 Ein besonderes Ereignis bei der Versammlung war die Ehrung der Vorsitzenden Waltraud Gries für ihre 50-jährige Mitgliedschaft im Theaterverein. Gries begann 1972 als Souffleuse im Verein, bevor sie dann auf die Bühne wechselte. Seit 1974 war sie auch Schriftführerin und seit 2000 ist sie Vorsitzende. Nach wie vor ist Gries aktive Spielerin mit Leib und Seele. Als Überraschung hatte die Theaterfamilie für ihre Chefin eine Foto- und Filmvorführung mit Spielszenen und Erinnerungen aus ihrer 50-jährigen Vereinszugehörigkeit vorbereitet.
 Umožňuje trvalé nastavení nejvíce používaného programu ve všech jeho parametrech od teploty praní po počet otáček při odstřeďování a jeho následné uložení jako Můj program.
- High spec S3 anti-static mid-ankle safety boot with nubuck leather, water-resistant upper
==
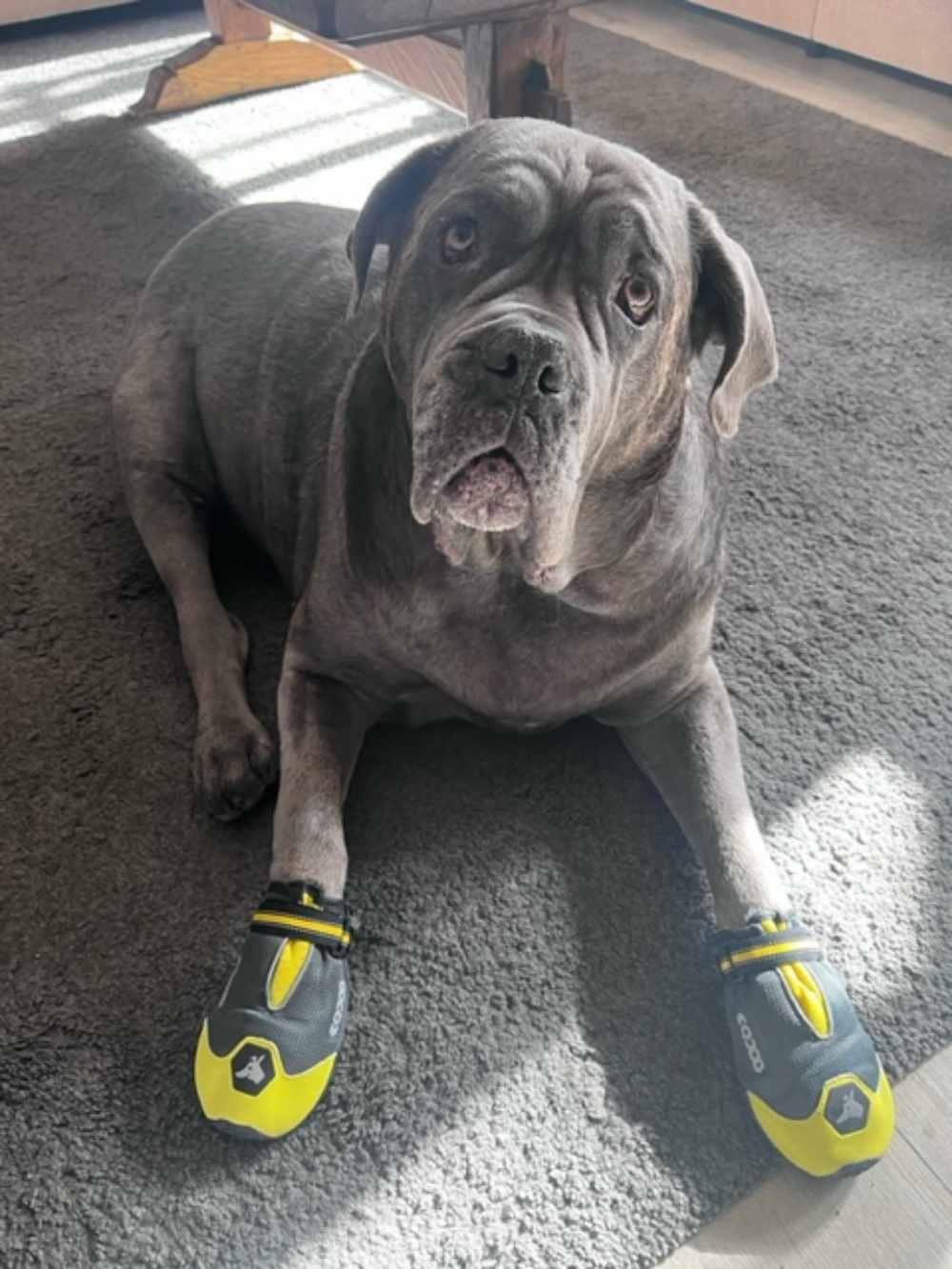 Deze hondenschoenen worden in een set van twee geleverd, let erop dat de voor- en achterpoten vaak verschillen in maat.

WHAT YOU NEED TO DO:
Look in the material above for the line with "Umožňuje trvalé nastavení" and the line with "- High spec", and transcribe exactly those lines and all lines between them, nothing more.

SOLUTION FOR THIS TASK:
 Umožňuje trvalé nastavení nejvíce používaného programu ve všech jeho parametrech od teploty praní po počet otáček při odstřeďování a jeho následné uložení jako Můj program.
- High spec S3 anti-static mid-ankle safety boot with nubuck leather, water-resistant upper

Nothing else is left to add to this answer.